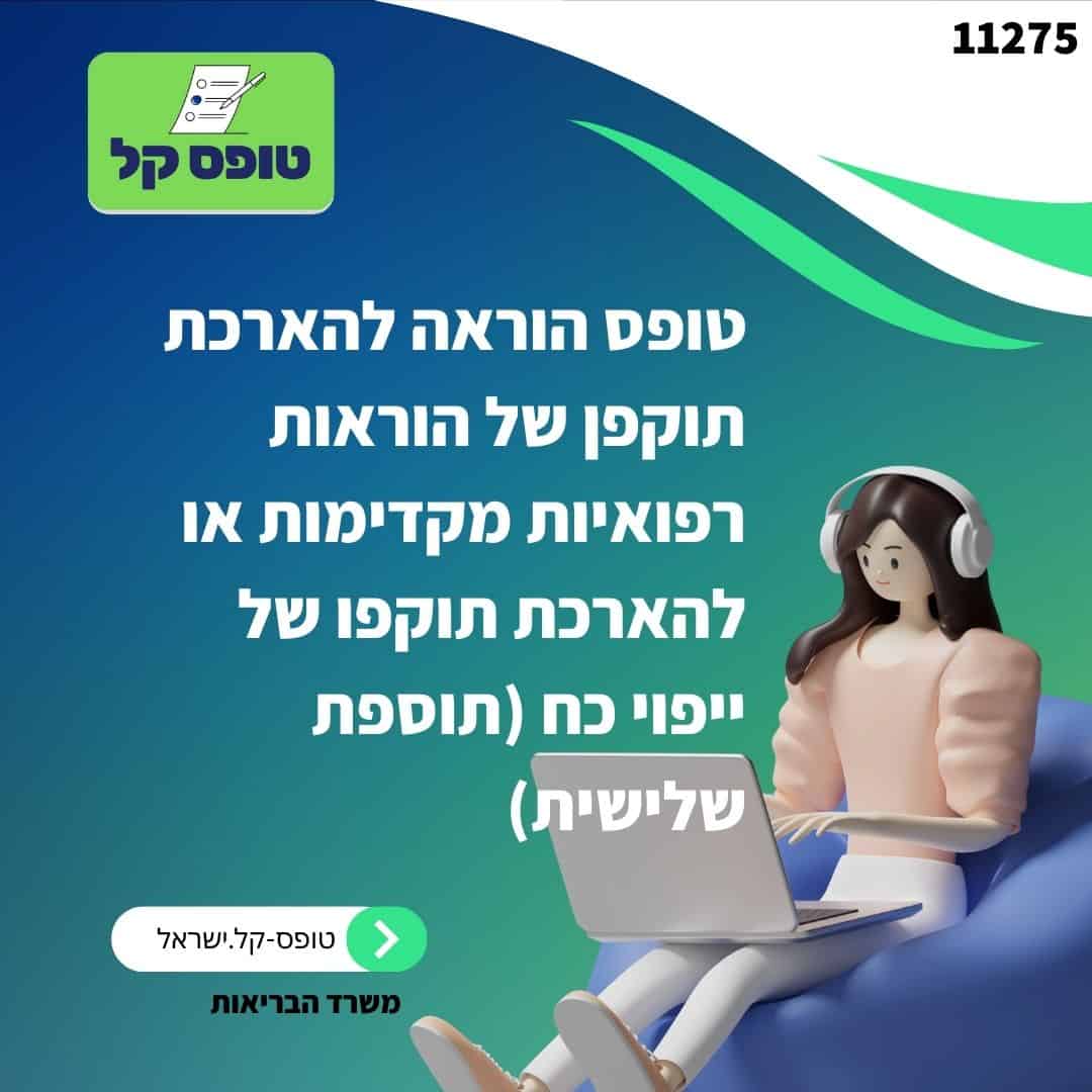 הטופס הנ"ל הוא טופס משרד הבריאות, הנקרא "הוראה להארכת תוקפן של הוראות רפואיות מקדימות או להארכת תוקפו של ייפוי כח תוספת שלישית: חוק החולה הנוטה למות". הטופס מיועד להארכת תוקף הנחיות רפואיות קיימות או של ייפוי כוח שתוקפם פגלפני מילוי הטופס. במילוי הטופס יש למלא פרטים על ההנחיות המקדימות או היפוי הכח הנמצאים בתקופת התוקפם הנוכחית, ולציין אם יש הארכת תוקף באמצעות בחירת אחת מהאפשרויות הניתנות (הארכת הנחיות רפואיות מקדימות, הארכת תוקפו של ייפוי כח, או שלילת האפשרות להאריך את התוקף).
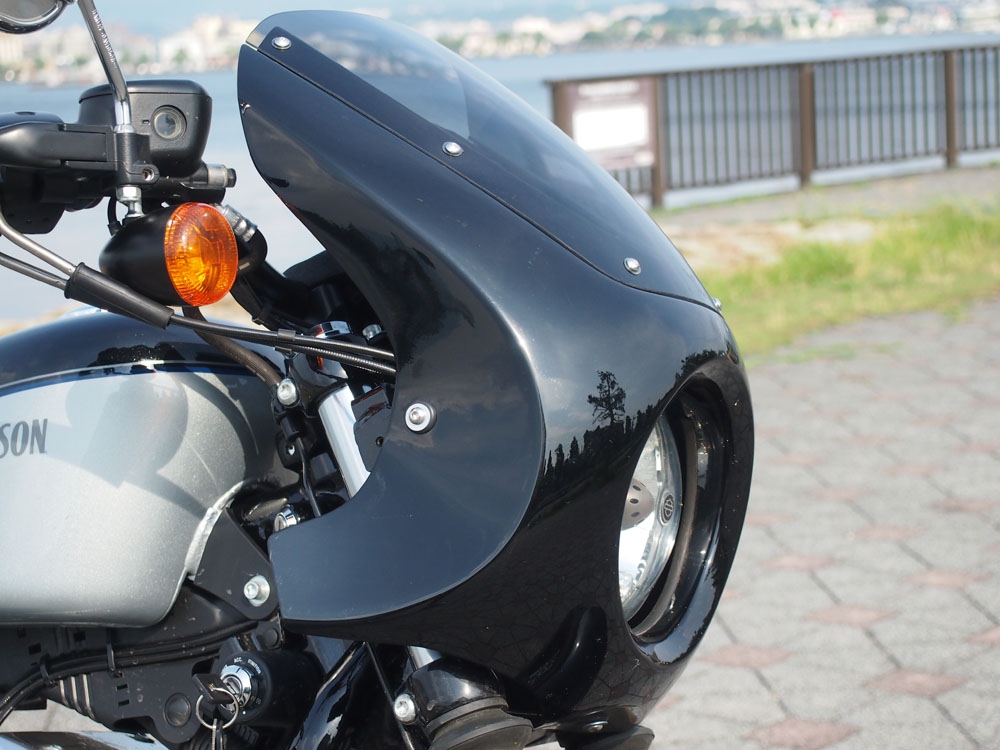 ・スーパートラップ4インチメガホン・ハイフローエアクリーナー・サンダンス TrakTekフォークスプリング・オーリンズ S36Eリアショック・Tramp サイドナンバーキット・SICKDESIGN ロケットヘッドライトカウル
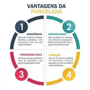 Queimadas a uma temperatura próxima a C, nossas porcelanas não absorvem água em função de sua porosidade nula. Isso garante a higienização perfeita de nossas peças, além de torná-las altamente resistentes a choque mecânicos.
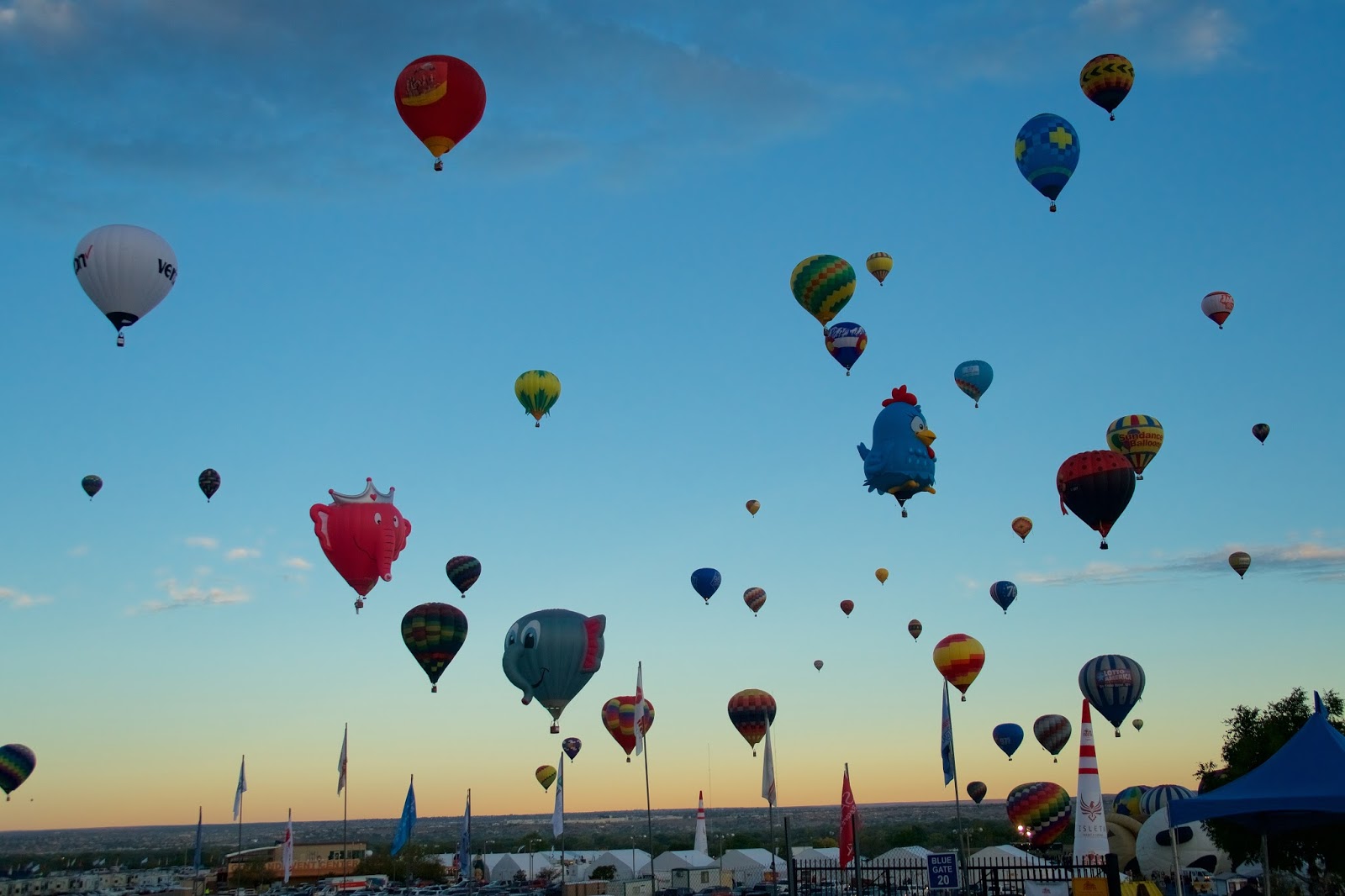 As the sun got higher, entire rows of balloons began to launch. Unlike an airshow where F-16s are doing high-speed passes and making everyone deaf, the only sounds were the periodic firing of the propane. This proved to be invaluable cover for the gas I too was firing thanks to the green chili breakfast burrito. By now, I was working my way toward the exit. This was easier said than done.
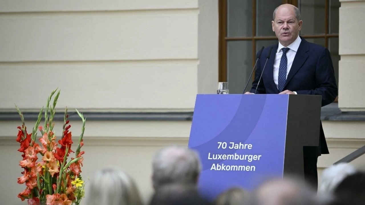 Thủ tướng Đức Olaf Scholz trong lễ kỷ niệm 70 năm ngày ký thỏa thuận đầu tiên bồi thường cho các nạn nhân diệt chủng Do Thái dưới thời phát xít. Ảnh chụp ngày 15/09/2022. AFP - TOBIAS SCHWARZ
==
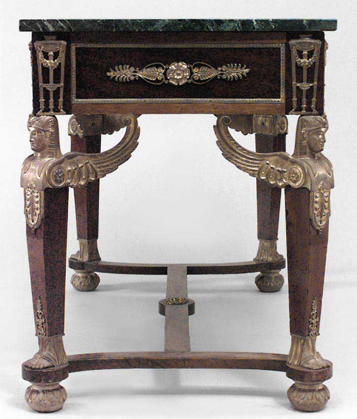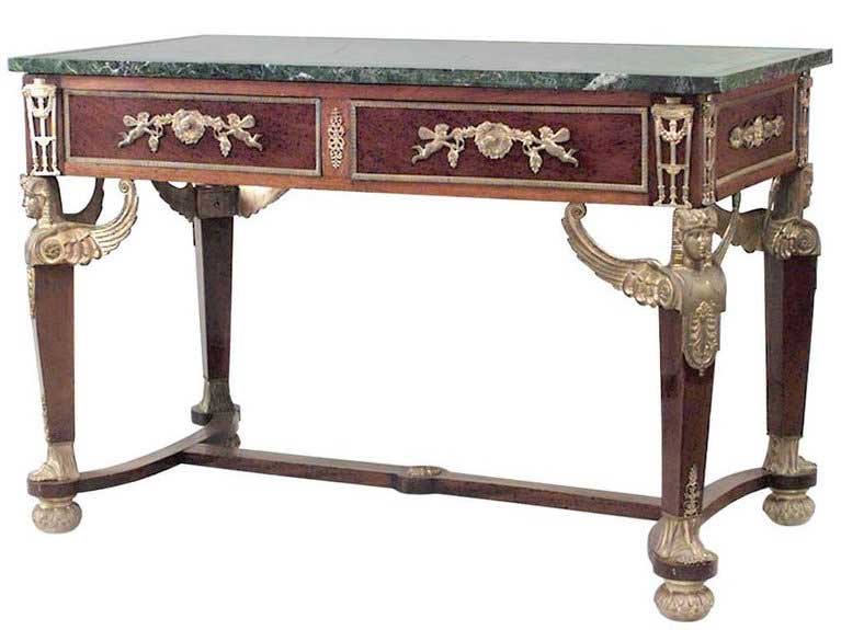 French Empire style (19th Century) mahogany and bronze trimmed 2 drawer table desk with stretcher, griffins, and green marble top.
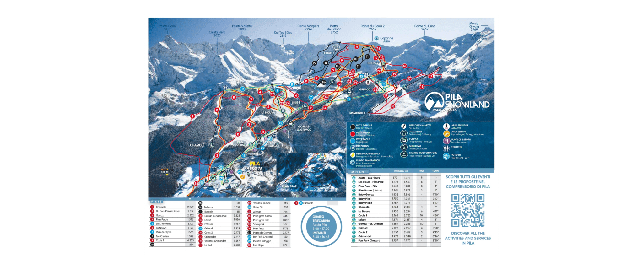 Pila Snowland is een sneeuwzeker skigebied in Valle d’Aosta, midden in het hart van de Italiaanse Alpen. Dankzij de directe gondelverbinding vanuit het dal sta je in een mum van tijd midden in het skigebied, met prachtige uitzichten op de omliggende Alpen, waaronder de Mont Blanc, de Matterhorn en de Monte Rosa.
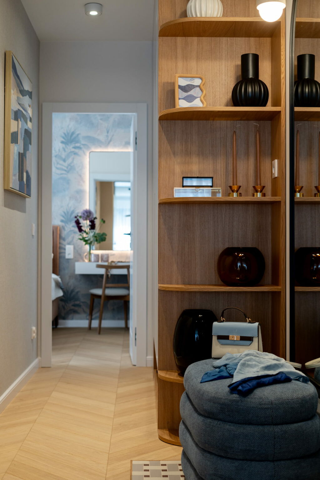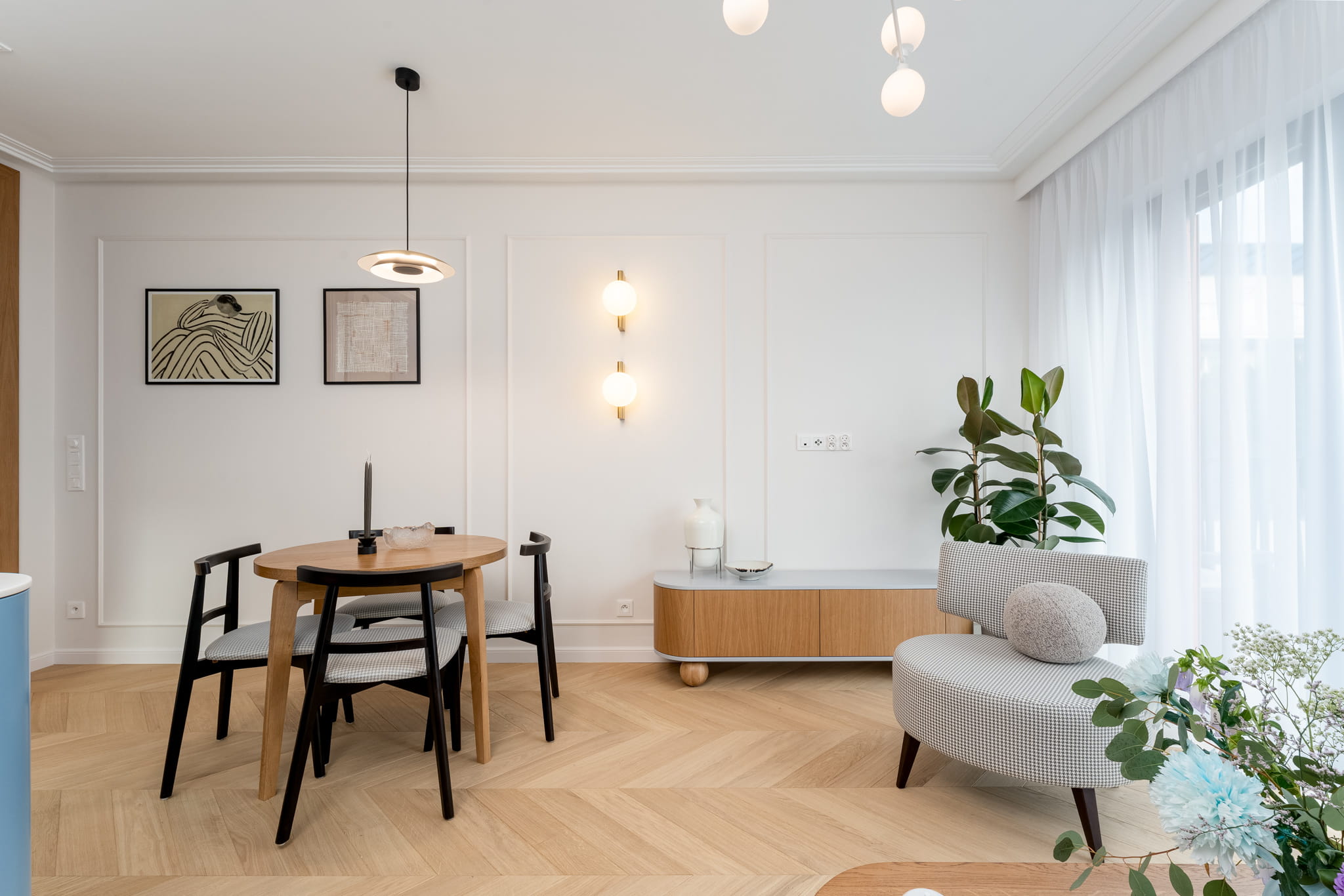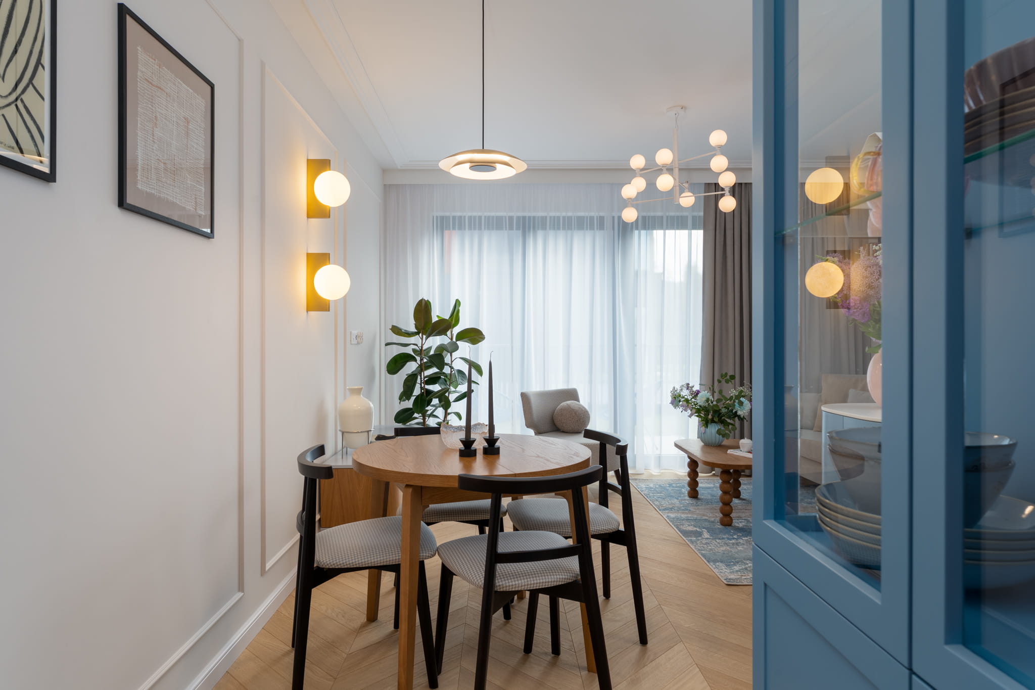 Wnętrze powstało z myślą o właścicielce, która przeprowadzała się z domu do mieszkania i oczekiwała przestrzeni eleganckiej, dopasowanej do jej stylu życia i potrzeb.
* * *
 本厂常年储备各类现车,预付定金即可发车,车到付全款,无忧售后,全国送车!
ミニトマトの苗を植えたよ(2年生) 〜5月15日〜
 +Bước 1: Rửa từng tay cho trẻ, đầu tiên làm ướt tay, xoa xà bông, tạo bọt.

### What is expected
Write back word for word every line in the entries above from the one with "להאריך את התוקף)." to the one with "Queimadas a uma", ends included, and none of the pictures.

### Exercise response
 הטופס הנ"ל הוא טופס משרד הבריאות, הנקרא "הוראה להארכת תוקפן של הוראות רפואיות מקדימות או להארכת תוקפו של ייפוי כח תוספת שלישית: חוק החולה הנוטה למות". הטופס מיועד להארכת תוקף הנחיות רפואיות קיימות או של ייפוי כוח שתוקפם פגלפני מילוי הטופס. במילוי הטופס יש למלא פרטים על ההנחיות המקדימות או היפוי הכח הנמצאים בתקופת התוקפם הנוכחית, ולציין אם יש הארכת תוקף באמצעות בחירת אחת מהאפשרויות הניתנות (הארכת הנחיות רפואיות מקדימות, הארכת תוקפו של ייפוי כח, או שלילת האפשרות להאריך את התוקף).
 ・スーパートラップ4インチメガホン・ハイフローエアクリーナー・サンダンス TrakTekフォークスプリング・オーリンズ S36Eリアショック・Tramp サイドナンバーキット・SICKDESIGN ロケットヘッドライトカウル
 Queimadas a uma temperatura próxima a C, nossas porcelanas não absorvem água em função de sua porosidade nula. Isso garante a higienização perfeita de nossas peças, além de torná-las altamente resistentes a choque mecânicos.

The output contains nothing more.